The springboard for such mental gymnastics is refuting not only that ancient tool of repression—an objective morality—but also the notion of objective truth itself. The key buzzword will be familiar: gaslighting. This is taken from the eponymous film, in which an autocratic husband convinces his wife that she is losing grip on reality. But, like “triggering,” the term has now been inflated to the extent of undermining its original—and very real—value. Its new definition is not merely someone undermining your grip on reality, but someone undermining your grip on your reality. According to the website Everyday Feminism, this means “overwriting your reality with theirs.”

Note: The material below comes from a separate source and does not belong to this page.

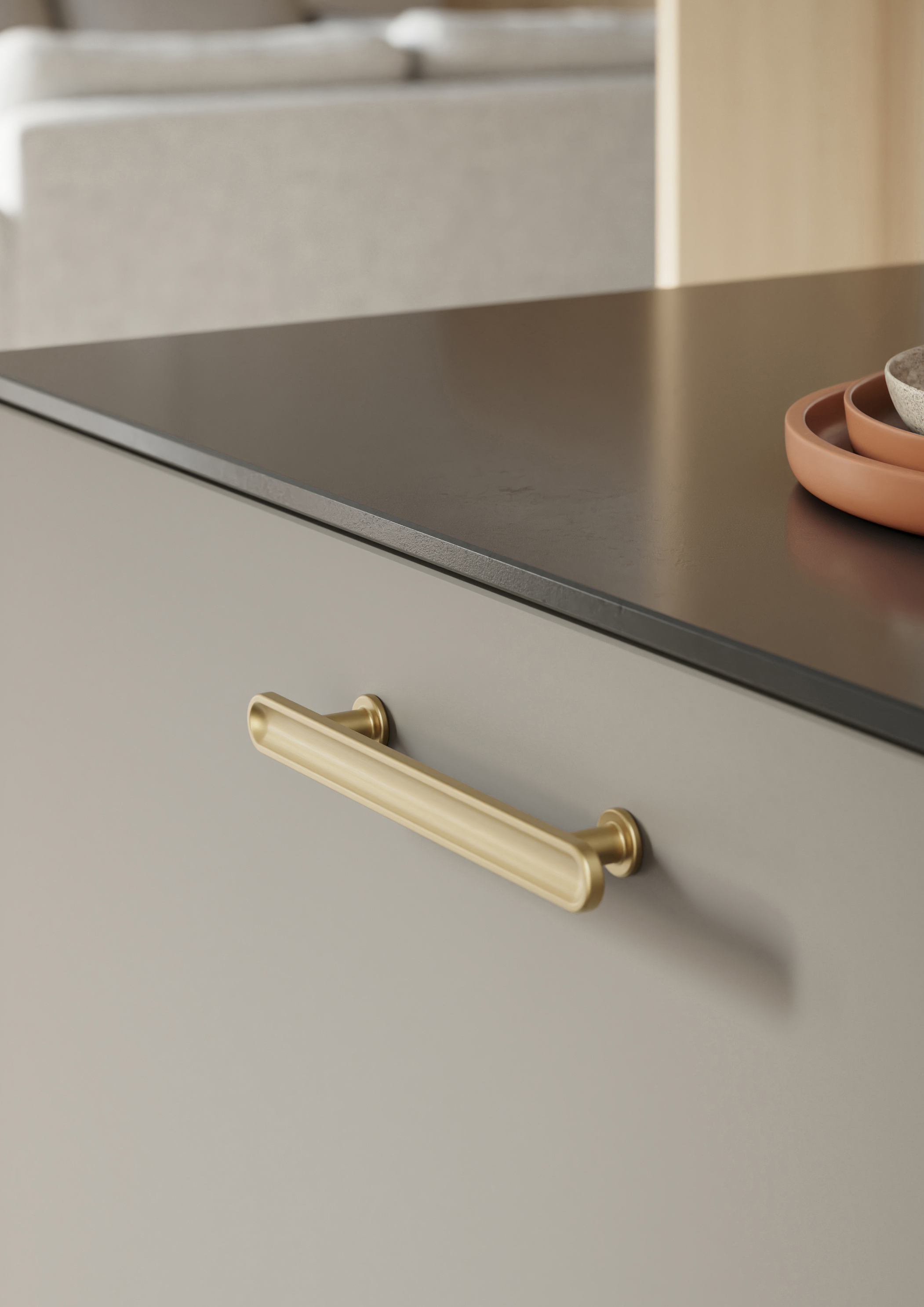 Mat messing look die warmte toevoegt aan keuken en meubel

It is very difficult to have a conversation with someone whose worldview consists of 6 billion separate realities locked in a Darwinian fight to the death. Outside perspectives become a personal assault of unspeakable cruelty. For Anne, these included the idea that gender does not place a high-earning white graduate at the front of the global victimhood queue; that social-justice outcomes might require some sacrifice; that dominating women is misogynistic even if undertaken by other women; or that Adderall-fueled rages were not the best means of political persuasion. When I suggested that she could control her responses somewhat better, the cry-bully switched poles. “My ego?” she said. “Now, that’s gaslighting.” And then tears.

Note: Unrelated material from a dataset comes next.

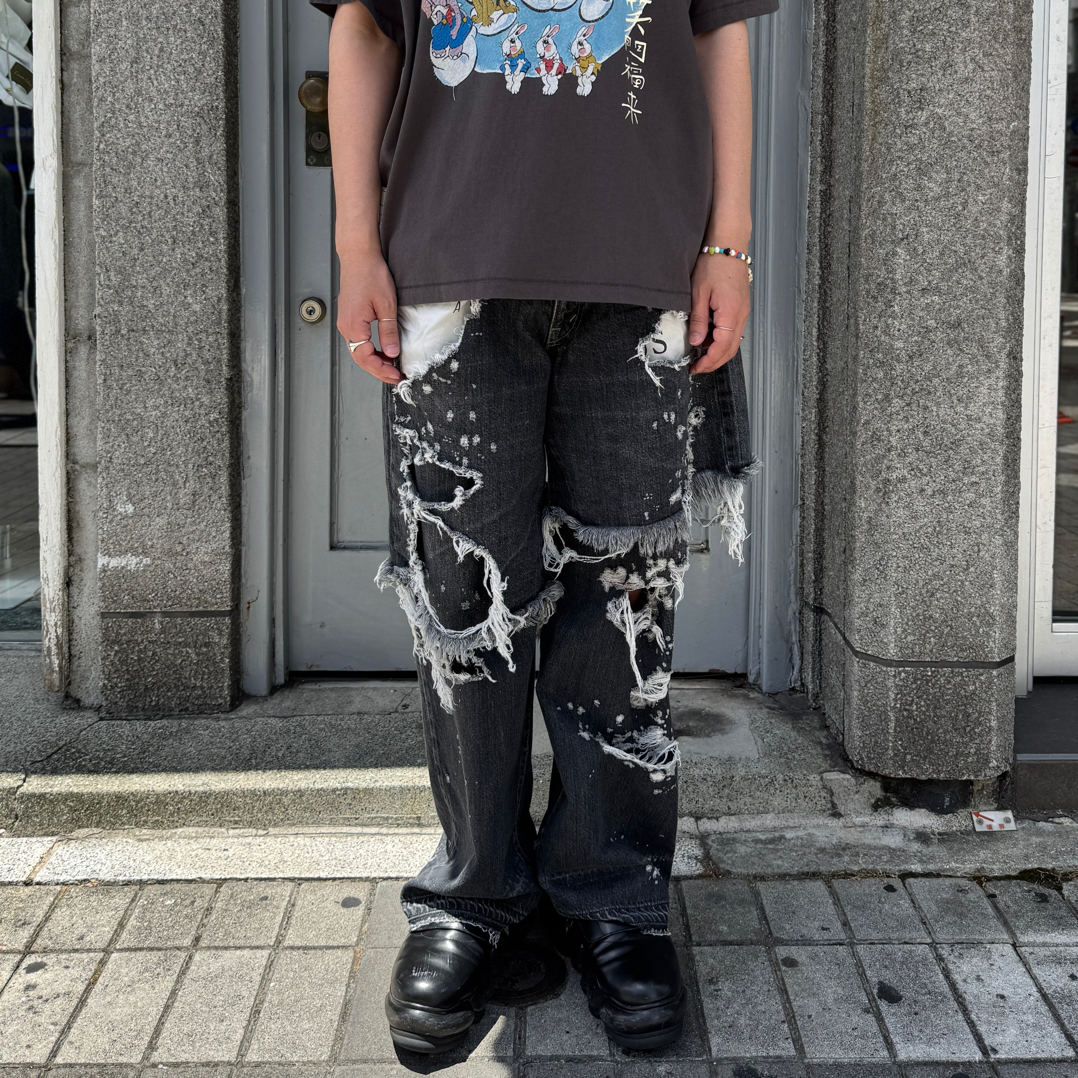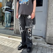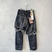 2本のデニムパンツと重ね着したようなデザインと激しいダメージ加工がインパクト抜群の1着です

The gaslighting mentality provides the perfect igloo in which to shelter the certainties handed down by radical politics; because anyone who attacks your certainties is, de facto, attacking you personally. This brings us to the Bigger Picture. Our relationship coincided with the 2016 election campaign. Anne worshipped at the shrine of Hillary Clinton. Her flat was plastered with campaign material; and yet the one name she couldn’t hear was that of her heroine. She wanted to talk politics, but to do so was to dance in a minefield. Any mention of the name Hillary—in a political context, rather than personal hagiography—lit a fuse of profound irritation. Hearing about Clinton’s Saudi connections—or her corruption, or Benghazi, or emails—cracked open a volcano of aggression. The campaign had fused with her identity, becoming the rawest of raw nerves. Forget the “personal is political”; the political had become personal. How had this happened?

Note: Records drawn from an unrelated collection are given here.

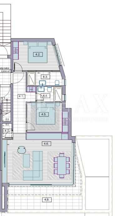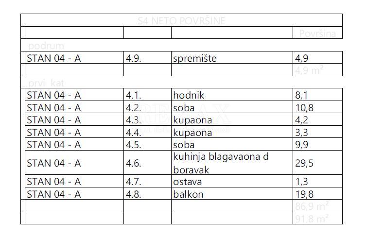 V stanovanju velikosti 86,9 m2 se nahaja velika glavna spalnica z lastno kopalnico, še ena spalnica, hodnik, shramba, kopalnica, odprta kuhinja z jedilnico in dnevna soba z izhodom na balkon 19,8 m2 s čudovitim razgledom.
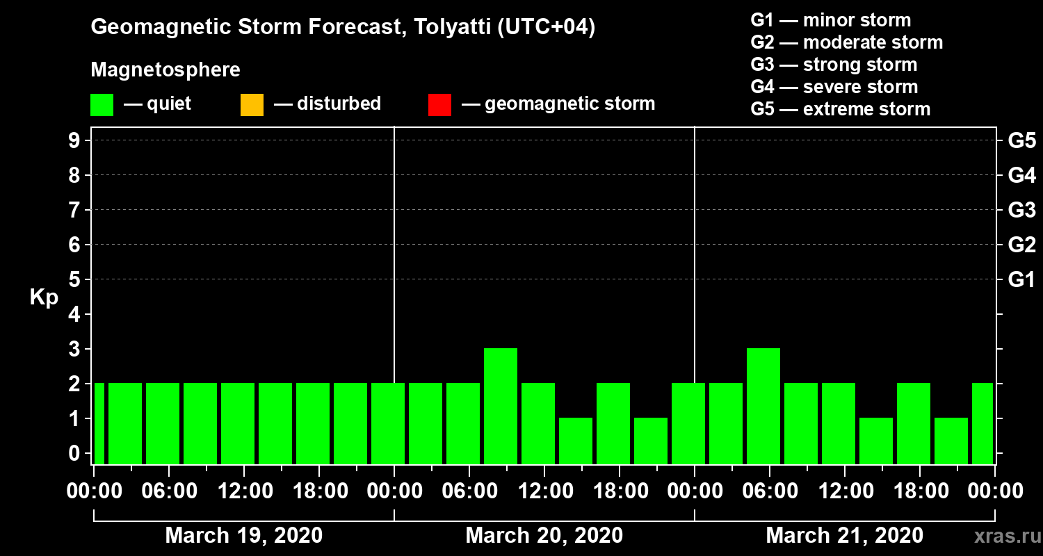 Geomagnetic activity forecast in Tolyatti — Mar 19, 2020
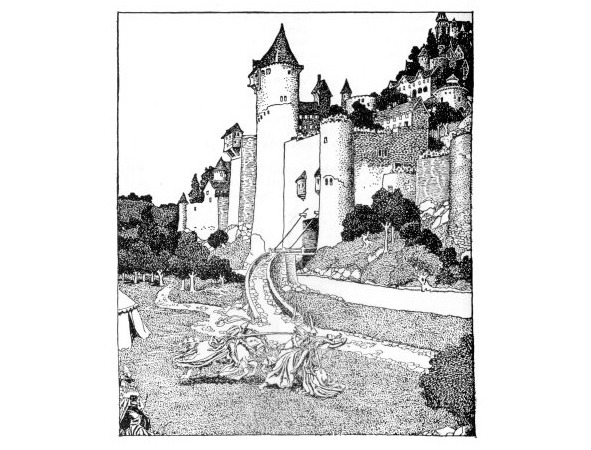 И там она сама увидела молодого рыцаря, когда он умывался у источника. И она увидела, что его волосы и борода сияли, как золото, в солнечном свете; и она увидела, что его нижняя одежда была из пурпурного льна, расшитого золотом; и она заметила, что рядом с ним лежал тот искусно сделанный золотое ожерелье, украшенное множеством драгоценных камней разных цветов, которое сияло с несказанным великолепием, лежа на мраморном краю фонтана.

The answer lies deep in the roots of the 20th century. A smug British TV polemicist named Adam Curtis has traced how the public relations industry—led by Freud’s nephew, Edward Bernays—originally used Freudian insights to target products at the irrational ego rather than the rational mind. As culture became ever more centered on the individual, these techniques became even more powerful. Consumption no longer conformed you to a social role—mother, husband, sportsman—but allowed you to become more yourself. This illusion has been very successful in concentrating corporate power and sowing deeper social conformities. And the 2016 election campaigns represented its apotheosis in the political sphere. Americans became so personally invested in a pair of corporate agendas—united only in their contempt for the average political consumer—that they have ended up willing to kill for them. Tens of thousands of Clintonites entered into physical shock when The Donald grinned his way to victory. Anne was among them, keening and vomiting like someone personally bereaved.

The result had gouged more deeply into her private psyche than any public event should. All the bulwarks of personal meaning—family, art, pleasure—seemed to have been removed. How had such a space been created?